In some cases, the BIA might, after a Court of Appeals decision rejecting its analysis of an issue, find some third approach that incorporated the wisdom of the Court of Appeals decision without following it exactly.  In Matter of Alyazji, 25 I&N Dec. 397 (BIA 2011), for example, the BIA overruled Matter of Shanu, 23 I&N Dec. 754 (BIA 2005), in part following its rejection by some circuit Courts of Appeals.  The BIA in Matter of Alyazji did not entirely adopt the theory of those Courts of Appeals that an adjustment of status was simply not an “admission” for purposes of determining deportability under INA §237(a)(2)(A)(i) for conviction of a crime involving moral turpitude committed within five years after the date of admission.  The BIA in Alyazji accepted a similar result in most contexts and retreated from Shanu, however, by holding that the date of admission for purposes of INA §237(a)(2)(A)(i) deportability was “the date of the admission by virtue of which the alien was present in the United States when he committed his crime”—so that the clock would run from a prior admission as a nonimmigrant that had been followed by an adjustment of status, and would not restart anew from the adjustment of status, unless the person being adjudged deportable had adjusted status after entering the United States without inspection (and thus had no prior admission by virtue of which he was present in the United States at the time). Here as well, therefore, the BIA did not simply insist that it would adhere to a prior precedent decision until that precedent decision was rejected by every Court of Appeals or by the Supreme Court, in the way that the conventional view of what I have called zombie precedents seems to suggest.

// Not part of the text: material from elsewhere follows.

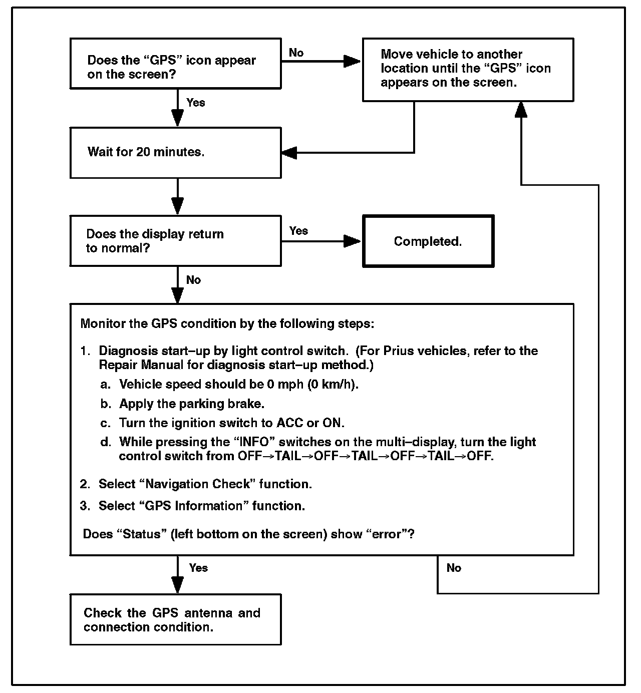 This condition is not a system failure. This is due to the system position memory originally identifying a set location near the manufacturing plant in Japan when the vehicle is brand-new. To re-initialize the navigation system memory location, follow the instructions shown.
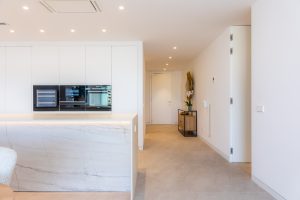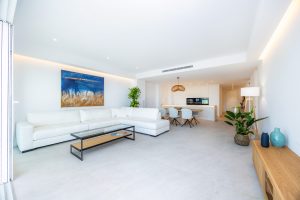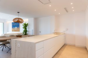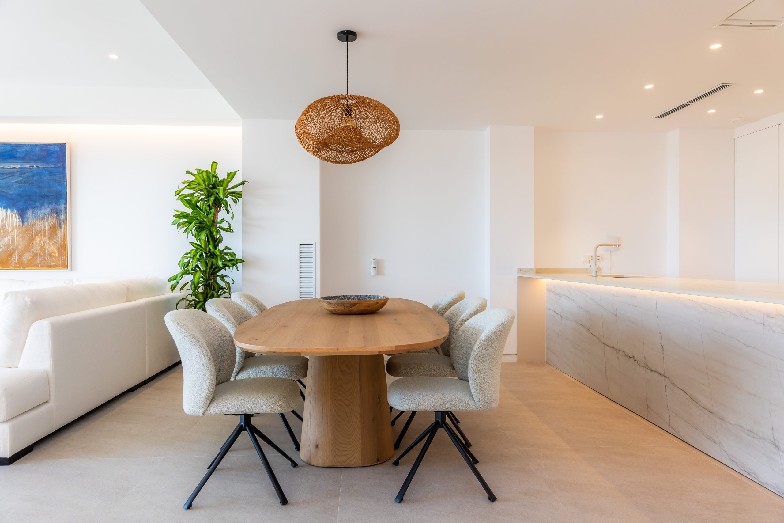 Este elegante piso de diseño contemporáneo ha sido completamente renovado con materiales de alta gama y destaca por su impresionante vista panorámica al mar, que puede disfrutarse desde prácticamente todas las estancias.

In a case where the zombie precedent was originally decided by an Attorney General, it seems even less likely that the BIA would continue to follow it in a precedential decision if informed by a Court of Appeals that it had that option.  Matter of Silva-Trevino was a departure by former Attorney General Michael Mukasey from many years of BIA precedent, and there is no apparent reason that the BIA, or current Attorney General Eric Holder, or his successor, should be so enamored of Silva-Trevino following its rejection by multiple Courts of Appeals as to insist on it in a new precedential decision.  A refusal by Courts of Appeals to defer to Matter of Silva-Trevino as a zombie precedent, unless its reasoning were reaffirmed in a precedent decision made free of the original decision’s binding force, might therefore hasten its demise substantially.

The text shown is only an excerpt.